- **INFORMATION SUPPLIED**
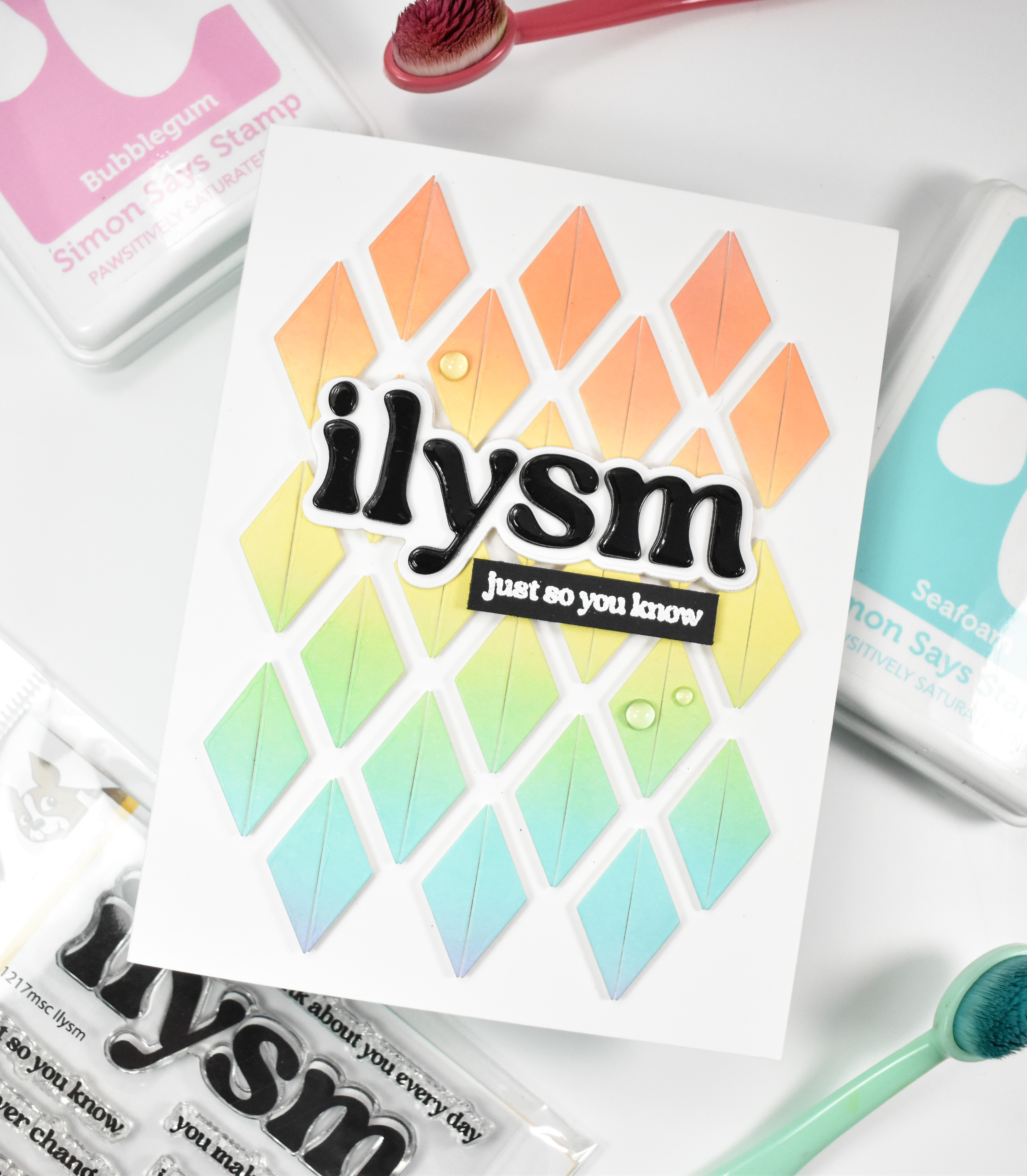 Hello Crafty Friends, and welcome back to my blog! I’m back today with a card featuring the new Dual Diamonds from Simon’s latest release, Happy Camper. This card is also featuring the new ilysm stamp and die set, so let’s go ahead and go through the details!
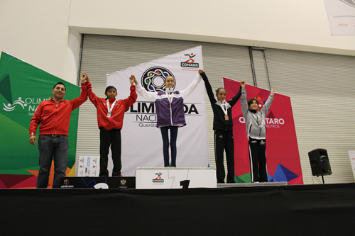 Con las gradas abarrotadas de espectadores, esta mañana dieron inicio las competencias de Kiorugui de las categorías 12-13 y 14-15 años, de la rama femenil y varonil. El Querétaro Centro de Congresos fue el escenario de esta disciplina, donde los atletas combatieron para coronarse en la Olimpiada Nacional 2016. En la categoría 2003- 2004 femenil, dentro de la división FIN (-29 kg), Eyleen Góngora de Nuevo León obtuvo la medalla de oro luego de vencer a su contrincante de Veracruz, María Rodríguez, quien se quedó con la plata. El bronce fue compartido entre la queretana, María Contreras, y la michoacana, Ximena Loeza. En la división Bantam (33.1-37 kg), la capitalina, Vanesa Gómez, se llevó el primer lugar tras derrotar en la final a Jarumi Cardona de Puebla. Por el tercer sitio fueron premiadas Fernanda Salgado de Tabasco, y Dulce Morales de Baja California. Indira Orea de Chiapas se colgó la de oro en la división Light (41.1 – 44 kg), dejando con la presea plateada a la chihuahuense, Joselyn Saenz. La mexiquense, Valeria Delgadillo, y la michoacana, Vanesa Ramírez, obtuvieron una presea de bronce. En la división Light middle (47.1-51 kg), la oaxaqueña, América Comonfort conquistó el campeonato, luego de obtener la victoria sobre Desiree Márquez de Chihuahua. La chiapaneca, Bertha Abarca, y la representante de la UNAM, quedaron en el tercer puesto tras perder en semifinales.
---
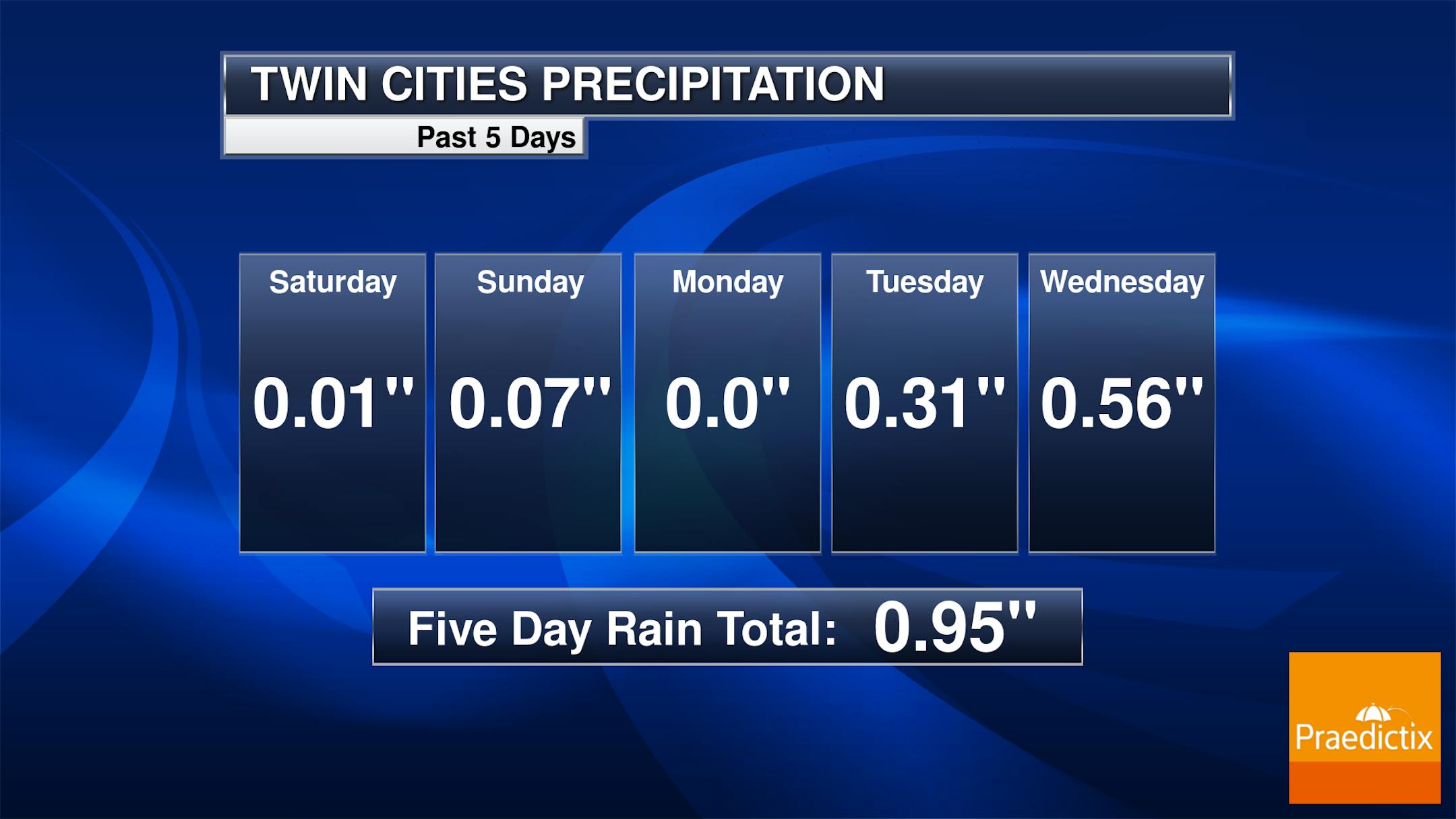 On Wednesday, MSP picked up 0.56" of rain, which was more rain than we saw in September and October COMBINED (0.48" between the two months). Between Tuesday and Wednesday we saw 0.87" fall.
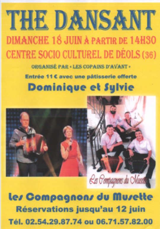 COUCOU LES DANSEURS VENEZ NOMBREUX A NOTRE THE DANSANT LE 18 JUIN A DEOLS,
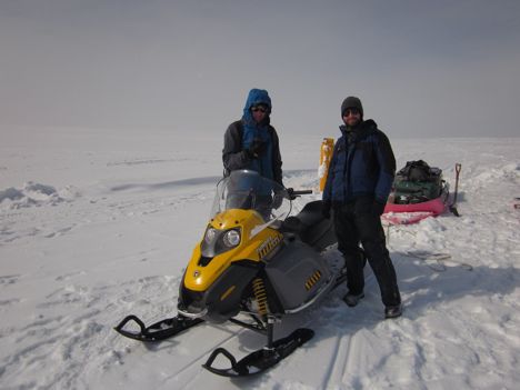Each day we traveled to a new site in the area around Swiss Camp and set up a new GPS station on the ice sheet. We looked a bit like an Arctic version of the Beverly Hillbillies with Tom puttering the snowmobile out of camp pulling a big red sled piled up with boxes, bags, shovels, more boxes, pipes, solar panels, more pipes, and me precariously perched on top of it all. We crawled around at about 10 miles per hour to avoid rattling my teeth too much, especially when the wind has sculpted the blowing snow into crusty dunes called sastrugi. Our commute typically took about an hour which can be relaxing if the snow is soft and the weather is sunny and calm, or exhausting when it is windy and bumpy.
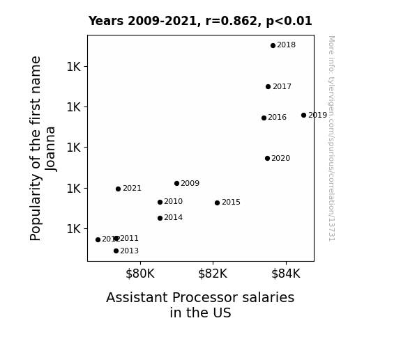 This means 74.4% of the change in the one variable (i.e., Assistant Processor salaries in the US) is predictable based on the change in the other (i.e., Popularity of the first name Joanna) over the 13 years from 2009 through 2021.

- **TASK DETAILS**
Starting at the line above that holds "COUCOU LES DANSEURS", return each line up to and including the one that holds "This means 74.4%", exactly as written, minus any pictures.

- **TASK SOLUTION**
 COUCOU LES DANSEURS VENEZ NOMBREUX A NOTRE THE DANSANT LE 18 JUIN A DEOLS,
Each day we traveled to a new site in the area around Swiss Camp and set up a new GPS station on the ice sheet. We looked a bit like an Arctic version of the Beverly Hillbillies with Tom puttering the snowmobile out of camp pulling a big red sled piled up with boxes, bags, shovels, more boxes, pipes, solar panels, more pipes, and me precariously perched on top of it all. We crawled around at about 10 miles per hour to avoid rattling my teeth too much, especially when the wind has sculpted the blowing snow into crusty dunes called sastrugi. Our commute typically took about an hour which can be relaxing if the snow is soft and the weather is sunny and calm, or exhausting when it is windy and bumpy.
 This means 74.4% of the change in the one variable (i.e., Assistant Processor salaries in the US) is predictable based on the change in the other (i.e., Popularity of the first name Joanna) over the 13 years from 2009 through 2021.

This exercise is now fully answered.